- Born: June 23, 1930 Causapscal, Quebec
- Died: November 19, 1998 (aged 68) Quebec City, Quebec
- Spouse: Jean-Claude Suhit

= Suzanne Bergeron =

Canadian abstract painter

Suzanne Bergeron (June 23, 1930 – November 19, 1998) was a Canadian abstract painter.

==Career==
Bergeron (born at Causapscal near the Gaspé Peninsula, Québec), studied painting with Jean Paul Lemieux at the École des beaux-arts de Québec (EBAQ) , graduating in 1953. In 1955 she held her first solo show at Galerie Agnès Lefort and in the same year, she won the second prize for painting from the Prix de Concours Artistiques de la Province du Quebec for study in Paris.
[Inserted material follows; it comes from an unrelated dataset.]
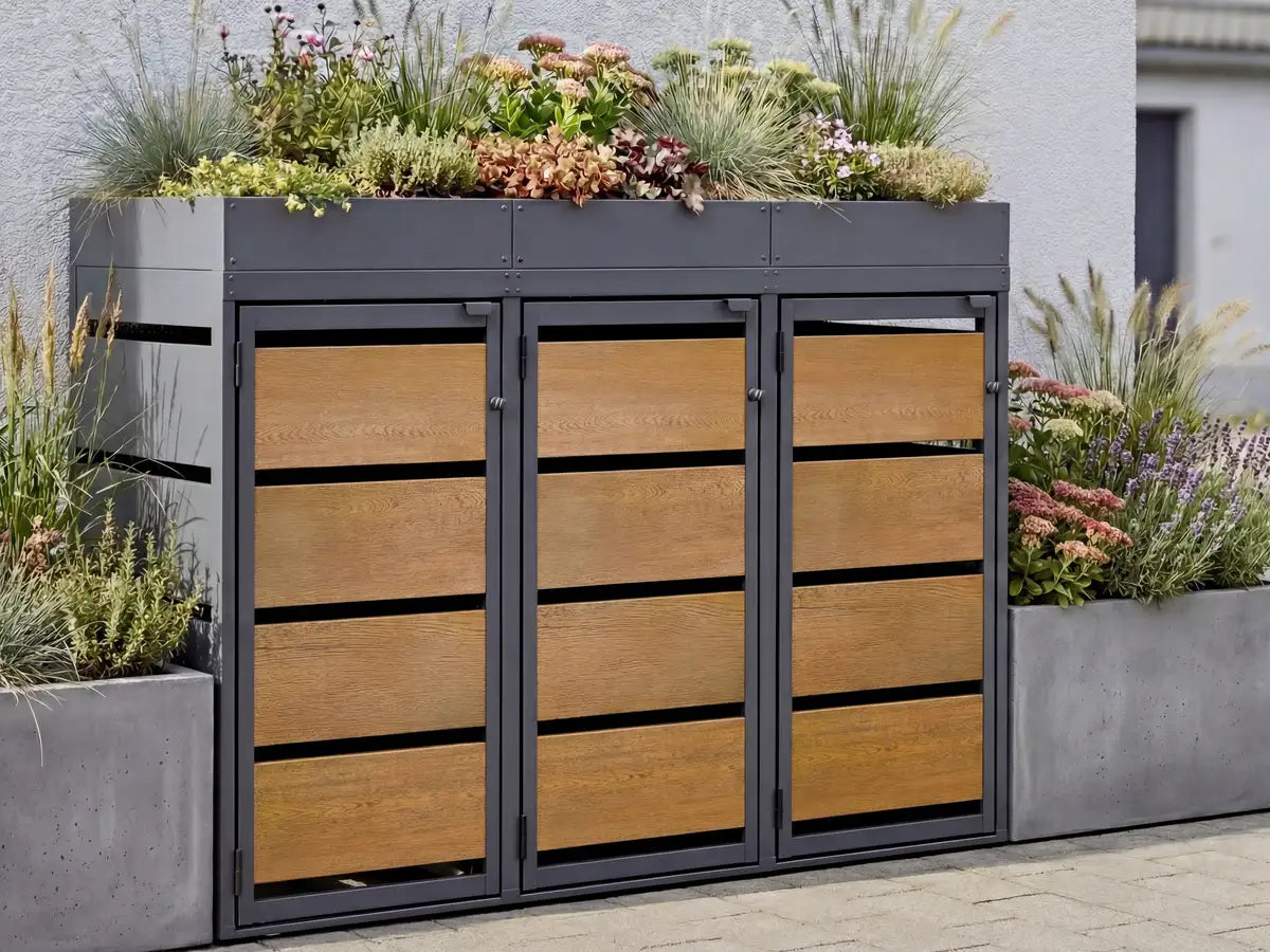 Die Mülltonnenbox mit Pflanzdach verbindet hochwertige Verarbeitung und robuste Materialien mit durchdachter Technik und ist für den dauerhaften Einsatz im Außenbereich konzipiert. Hergestellt aus verzinktem Qualitätsstahl mit robuster Konstruktion sorgt sie für hohe Formstabilität. Die langlebige Beschichtung in Trendfarben mit seidenmattem Glanz und Holzoptik-Fronten bietet hohe Witterungs-, Frost- und UV-Beständigkeit. So entsteht eine Mülltonnenbox, die bei jedem Wetter gut aussieht und über viele Jahre Freude bereitet.

In Paris she was awarded the Prix de la Ville de Paris and a Canada Council grant in 1957. She studied at the École du Louvre while in Paris (1957-1958). She was invited to exhibit with the École de Paris in an exhibition travelling through France in 1957. In 1958, she returned to Canada. In 1959, she held a solo show at Galerie Agnès Lefort. She also exhibited in the following group shows: Biennale Sao Paulo (1959); NYC (1959); Mexican Biennale (1960); Roberts Gallery, Toronto (1962); and the Canadian Biennial (1963). A successful solo show at Lefort's Gallery in 1963 was followed by her return to Paris on a Canada Council grant. She held solos and took part in group shows in Paris, London, Amsterdam, Brussels, São Paulo, and New York.

From the years 1974 to 1990 she was seriously ill. She recovered, and continued to work as an artist. Most of her life was spent in Quebec City where she died.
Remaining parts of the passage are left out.